Treatment—Penicillin G plus debridement of the wound in gas gangrene (no significant resistance to penicillin). Only
symptomatic treatment needed in food poisoning.
Prevention—Extensive debridement of the wound plus administration of penicillin decreases probability of gas
gangrene. There is no vaccine.
4. Clostridium difficile
Disease—Pseudomembranous colitis. Characteristics—Anaerobic, gram-positive, spore-forming rods. Habitat and
Transmission—Habitat is the human colon. Transmission is fecal–oral.

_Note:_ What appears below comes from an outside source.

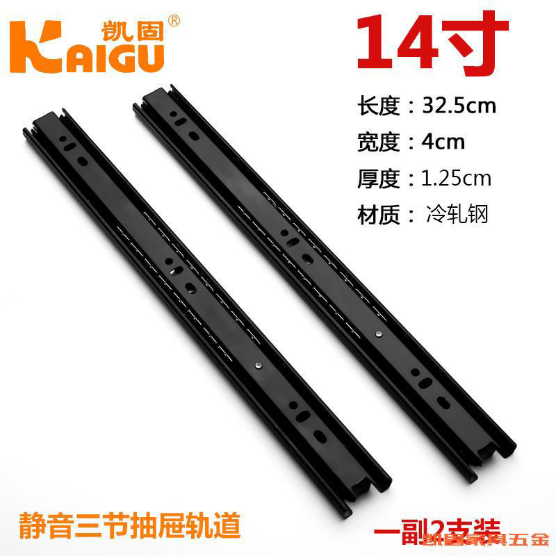 • [두꺼운 검정색 강철] 3단 레일 비표준 짧은 2.5cm- 14inch -35CM [2개 1쌍]

Pathogenesis—Antibiotics suppress normal flora of colon, allowing C. difficile to overgrow and produce large amounts of
exotoxins. Exotoxins A and B inhibit GTPases, causing inhibition of signal transduction and depolymerization of actin
filaments. This leads to apoptosis and death of enterocytes. The pseudomembranes seen in the colon are the visual
result of the death of enterocytes.
Laboratory Diagnosis—Exotoxin in the stool is typically detected by using known antibody to the toxin in an ELISA test or
by polymerase chain reaction (PCR) assay. Exotoxin in stool can also be detected by cytopathic effect on cultured cells.
Identified by neutralization of cytopathic effect with known antibody.
Treatment—Metronidazole. Vancomycin, although effective, should not be used because it may select for vancomycin-
resistant enterococci. Prevention—No vaccine or drug is available.